Ora, questo fatto potrebbe parere una "normale" vicenda storica, per quanto sia comunque strano che un papa abbia aiutato i protestanti in piena epoca controriformista.


Se le cose stanno veramente in questi termini, ci sono delle conseguenze inquietanti dovute al fatto che questo papa fu beatificato da Pio XII nel 1956 e che nel 2003 pare lo volessero canonizzare, ossia dichiarare santo impegnando, in quest'atto, la cosiddetta infallibilità della Chiesa cattolica.

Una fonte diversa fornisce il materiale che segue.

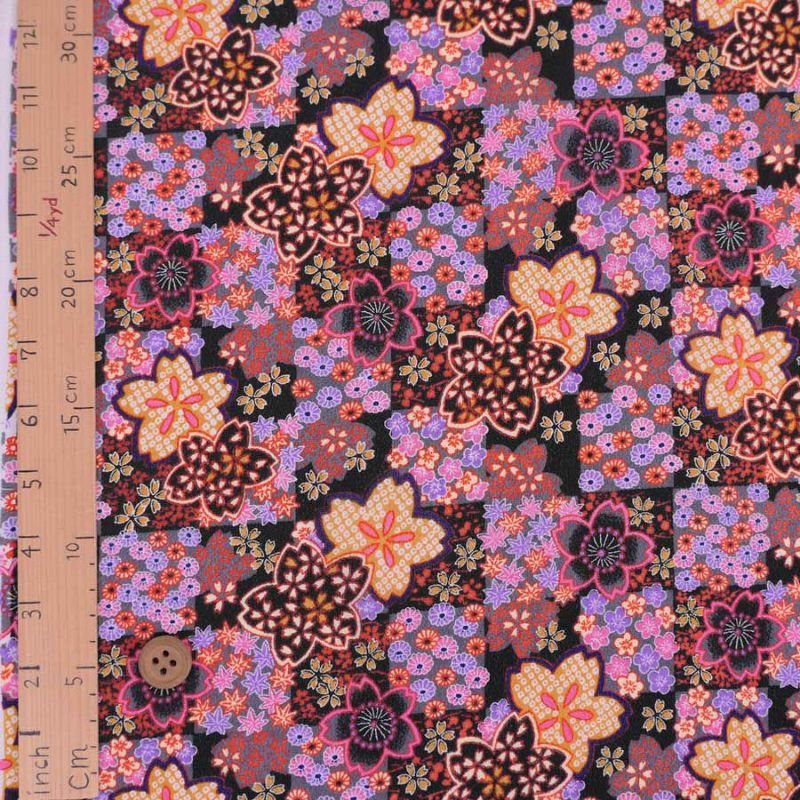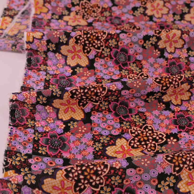 桜、梅、菊、紅葉でいっぱい 一越ちりめん生地 市松に四季花(納戸色) 10cm単位 切り売り

Su questo romanzo e sui suoi autori molti hanno forti riserve. Le notizie storiche riportate nel romanzo, da me rilevate e che gli autori documentano con ricerche d'archivio, se si possono interpretare come una smentita della santità di questo papa, rivelano qualcosa di grave, precisamente il contrario di quanto si sosterebbe su wikipedia, alla voce "Innocenzo XI":


"papa Innocenzo XI condannò pure l'usura e perfino cercò (in anticipo sui tempi) di giungere all'abolizione totale del commercio degli schiavi, sul quale era assai informato, in quanto riceveva personalmente i missionari, al fine di essere tenuto al corrente sulle situazioni locali". Altrove si scrive pure che ridusse quasi sul lastrico la famiglia a causa della sua attività benefica.


Rivelano pure il contrario di quanto Pio XII ebbe a dire nel 1956: "Sotto questo aspetto Innocenzo XI varca con lo spirito i confini del suo secolo, e, quasi redivivo nel nostro, insegna agli uomini di oggi, mortificati da tanti tragici errori, che lo scampo consiste nel rigenerarsi spiritualmente e moralmente; mentre indica ai cristiani, assetati di rinnovamento, ma sgomenti per tante apostasie nel popolo, quale sia la sicura base di ogni spirituale rinascita".

Ora se dovessimo scoprire che un santo non è tale, sulla base d'incontrovertibili prove, ossia che è impelagato in traffici mondani e in questioni di denaro, dobbiamo per forza concludere che qualcosa non va in chi lo vuole proclamare come esempio cristiano a tutti i costi.


Il rischio di proporre esempi cristiani tirando in ballo persone non proprio esemplari non è una cosa impossibile, se si pensa al fatto che ci sono almeno alcune beatificazioni discutibili nella storia.


Non voglio aprire polemiche ma fare riflettere. Ed è per tal fine che allego una pagina tratta dal romanzo storico dei due autori summenzionati e un'intervista agli stessi. Tengo a precisare che non prendo necessariamente le difese di questi romanzieri ma assumo come ipotesi la veridicità della loro valutazione storica per osservare le conseguenze alle quali si potrebbe venire incontro in questo caso che fa da esempio o paradigma per qualsiasi altro caso analogo.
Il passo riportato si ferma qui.